### MATERIAL PROVIDED

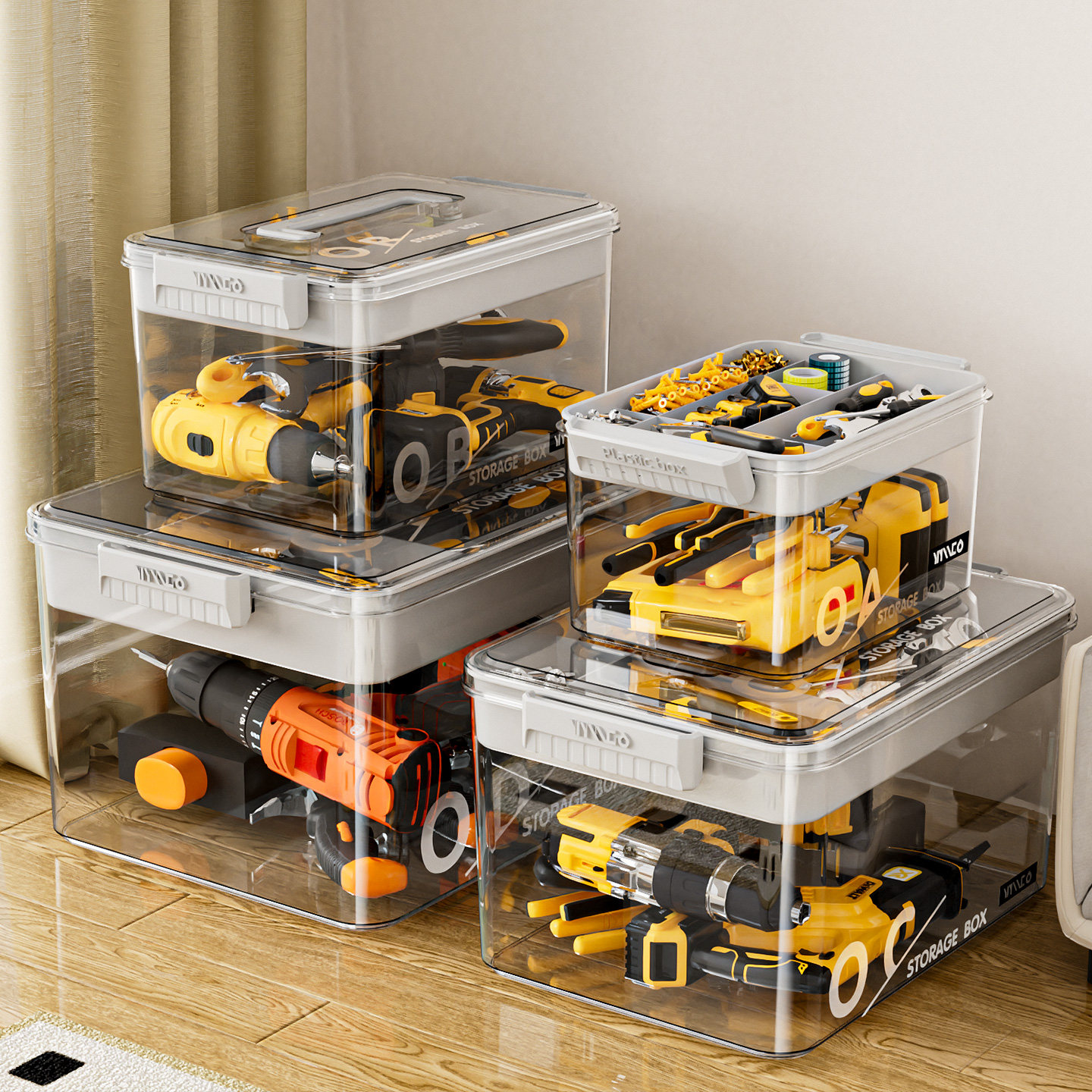 工具箱家用透明收纳盒多功能零件杂物五金整理盒双层大容量收纳箱
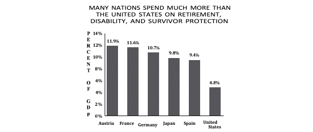 At the end of the 21st century, Social Security is calculated to cost 6.16 percent of GDP. That is a lower percentage of GDP than many other industrialized countries spend on their counterpart programs today:
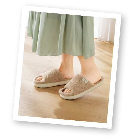 タオルに包まれるようなやさしい肌触り。ウレタンのほどよい弾力で快適な履き心地です。

######

Please give all of the data again, exact and free of pictures.

YOUR SOLUTION
 工具箱家用透明收纳盒多功能零件杂物五金整理盒双层大容量收纳箱
 At the end of the 21st century, Social Security is calculated to cost 6.16 percent of GDP. That is a lower percentage of GDP than many other industrialized countries spend on their counterpart programs today:
 タオルに包まれるようなやさしい肌触り。ウレタンのほどよい弾力で快適な履き心地です。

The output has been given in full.